◆ Your objective:
Copy the entries without a single change. Pictures should be dropped.
== Segment start ==
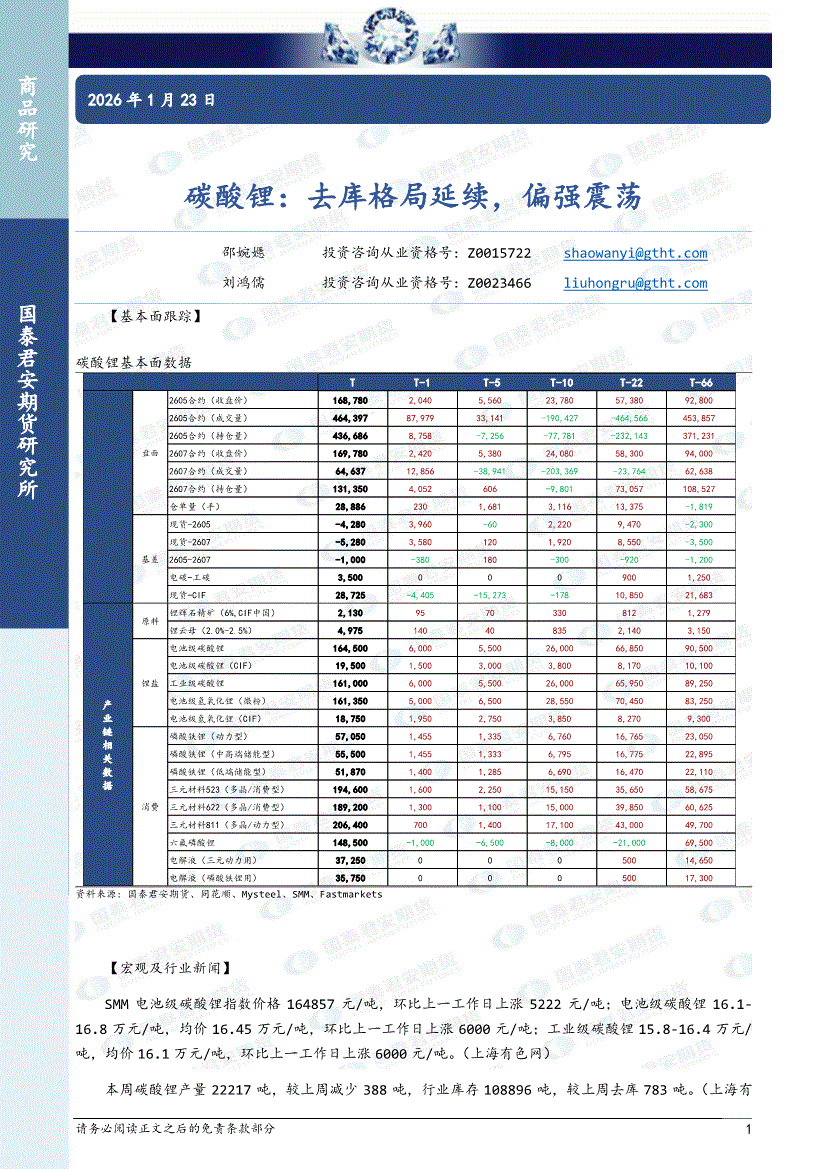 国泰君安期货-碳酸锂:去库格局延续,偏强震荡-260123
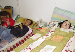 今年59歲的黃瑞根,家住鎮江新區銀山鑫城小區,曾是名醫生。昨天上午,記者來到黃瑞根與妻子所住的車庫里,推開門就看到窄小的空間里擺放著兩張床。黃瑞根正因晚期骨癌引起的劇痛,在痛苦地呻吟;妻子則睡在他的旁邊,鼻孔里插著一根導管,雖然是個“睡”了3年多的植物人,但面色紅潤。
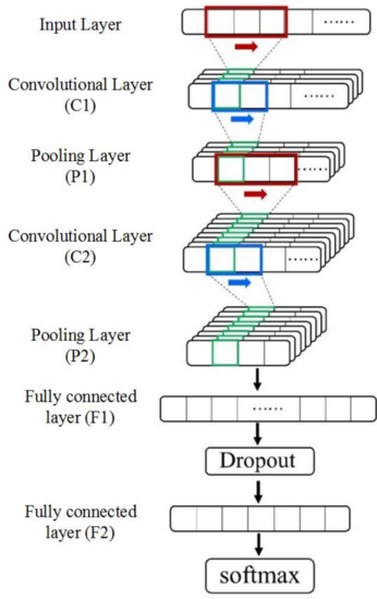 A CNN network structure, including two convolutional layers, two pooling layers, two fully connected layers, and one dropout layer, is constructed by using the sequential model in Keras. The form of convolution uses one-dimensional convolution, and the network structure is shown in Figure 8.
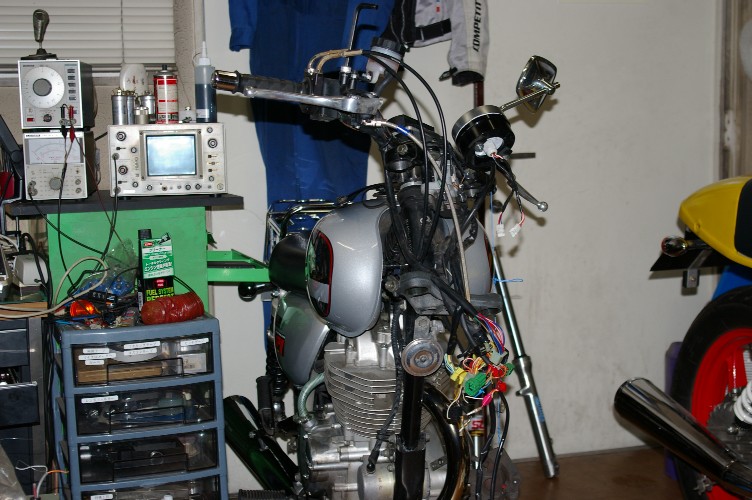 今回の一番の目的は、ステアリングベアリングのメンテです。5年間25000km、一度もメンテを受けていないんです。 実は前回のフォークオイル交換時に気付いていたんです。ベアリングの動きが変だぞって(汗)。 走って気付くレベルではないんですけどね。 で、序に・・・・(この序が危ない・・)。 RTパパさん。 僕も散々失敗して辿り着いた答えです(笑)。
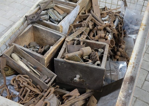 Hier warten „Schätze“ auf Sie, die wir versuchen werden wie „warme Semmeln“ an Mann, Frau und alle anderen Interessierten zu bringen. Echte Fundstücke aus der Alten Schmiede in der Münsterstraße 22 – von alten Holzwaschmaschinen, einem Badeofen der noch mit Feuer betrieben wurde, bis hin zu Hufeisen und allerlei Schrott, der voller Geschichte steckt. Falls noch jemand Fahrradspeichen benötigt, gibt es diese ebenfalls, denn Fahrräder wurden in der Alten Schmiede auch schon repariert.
== Segment end ==
◆ Reply to the exercise:
 国泰君安期货-碳酸锂:去库格局延续,偏强震荡-260123
 今年59歲的黃瑞根,家住鎮江新區銀山鑫城小區,曾是名醫生。昨天上午,記者來到黃瑞根與妻子所住的車庫里,推開門就看到窄小的空間里擺放著兩張床。黃瑞根正因晚期骨癌引起的劇痛,在痛苦地呻吟;妻子則睡在他的旁邊,鼻孔里插著一根導管,雖然是個“睡”了3年多的植物人,但面色紅潤。
 A CNN network structure, including two convolutional layers, two pooling layers, two fully connected layers, and one dropout layer, is constructed by using the sequential model in Keras. The form of convolution uses one-dimensional convolution, and the network structure is shown in Figure 8.
 今回の一番の目的は、ステアリングベアリングのメンテです。5年間25000km、一度もメンテを受けていないんです。 実は前回のフォークオイル交換時に気付いていたんです。ベアリングの動きが変だぞって(汗)。 走って気付くレベルではないんですけどね。 で、序に・・・・(この序が危ない・・)。 RTパパさん。 僕も散々失敗して辿り着いた答えです(笑)。
 Hier warten „Schätze“ auf Sie, die wir versuchen werden wie „warme Semmeln“ an Mann, Frau und alle anderen Interessierten zu bringen. Echte Fundstücke aus der Alten Schmiede in der Münsterstraße 22 – von alten Holzwaschmaschinen, einem Badeofen der noch mit Feuer betrieben wurde, bis hin zu Hufeisen und allerlei Schrott, der voller Geschichte steckt. Falls noch jemand Fahrradspeichen benötigt, gibt es diese ebenfalls, denn Fahrräder wurden in der Alten Schmiede auch schon repariert.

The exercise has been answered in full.